[FFmpeg-devel] Race conditions in libavcodec/pthread.c

Reimar Döffinger Reimar.Doeffinger at gmx.de
Fri Aug 26 08:24:43 CEST 2011



On 26 Aug 2011, at 00:55, Aaron Colwell <acolwell at chromium.org> wrote:

> On Thu, Aug 25, 2011 at 3:15 PM, Reimar Döffinger
> <Reimar.Doeffinger at gmx.de>wrote:
> 
>> On Thu, Aug 25, 2011 at 02:45:25PM -0700, Aaron Colwell wrote:
>>> On Thu, Aug 25, 2011 at 1:31 PM, Reimar Döffinger
>>> <Reimar.Doeffinger at gmx.de>wrote:
>>> 
>>>> It would help if you pointed out there. I don't see any case of it
>>>> at a quick glance.
>>>> 
>>> 
>>> park_frame_worker_threads() has an instance. p->state shouldn't be
>> checked
>>> outside of the lock.
>>> frame_worker_thread() has an instance at the top of the while loop.
>>> submit_packet() has an instance after the if(prev_thread)  line.
>>> ff_thread_decode_frame() has an instance at the top of the do loop.
>> 
>> Ah. I don't think state is supposed to/intended to be protected by a
>> lock, but the lock/unlock is only there because you can't use
>> pthread_cond_wait
>> without it.
>> I guess changing that would make it more correct, but it would be a change
>> in
>> semantics and it looks to me like you'd have to add a whole lot more
>> lock/unlock around places where it is used.
>> 
>> 
> The thing is that state is modified by the main thread (submit_packet()) &
> worker threads (frame_worker_thread()).
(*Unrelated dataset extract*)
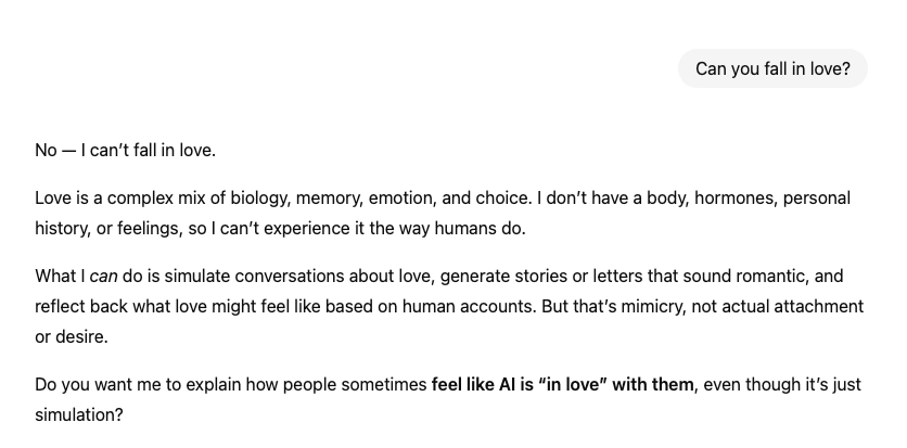Most chatbots are built to mirror human language through prompts—materials we’ve created—in order to deliver user satisfaction and facilitate ease of communication. If you simply view this as a technological feature, then great. But for others, the simulation feels so authentic, it becomes difficult not to be enmeshed in its fabrications.

It needs lock protection to avoid
> race conditions. I agree it's a non-trivial change to fix this. That's why I
> wanted to ping the list first. I figured it was worth a discussion before
> diving in. :)

See Uoti's comment, except possibly for architectures with strange caching models that should be the right answer.

> 
>>> Sorry about that. The main one I've seen so far is in
>> frame_worker_thread().
>>> ff_thread_finish_setup() is called with and w/o p->mutex protection in
>> that
>>> method. ff_thread_finish_setup() locks p->progress_mutex so it sets up a
>>> situation where locks may be acquired out of order. I haven't completely
>>> proven to myself this will lead to deadlock, but it seems like a red flag
>>> that something isn't right.
>> 
>> That one looks like pure laziness to avoid duplicating code by having
>> the unlock in both the if and the else case.
>> I think the buffer_mutex is only necessary/intended for the get_buffer
>> and requested_frame usages.
>> 
> 
> Oh I didn't see the case in ff_thread_get_buffer() . This means it runs in 3
> different locking scenarios: no other locks, w/ buffer_mutex, & w/ mutex!

I wondering if maybe pthread's extensive use of the word "lock" maybe confuses you.
As far as I can tell, the code mostly uses two concepts: critical sections, for dealing with and protecting the library users from seeing the threading, and a signalling/token scheme to wait on another thread.
They aren't for directly protecting any variables, variables that are used by concurrently "active" threads are protected by having multiple copies of them.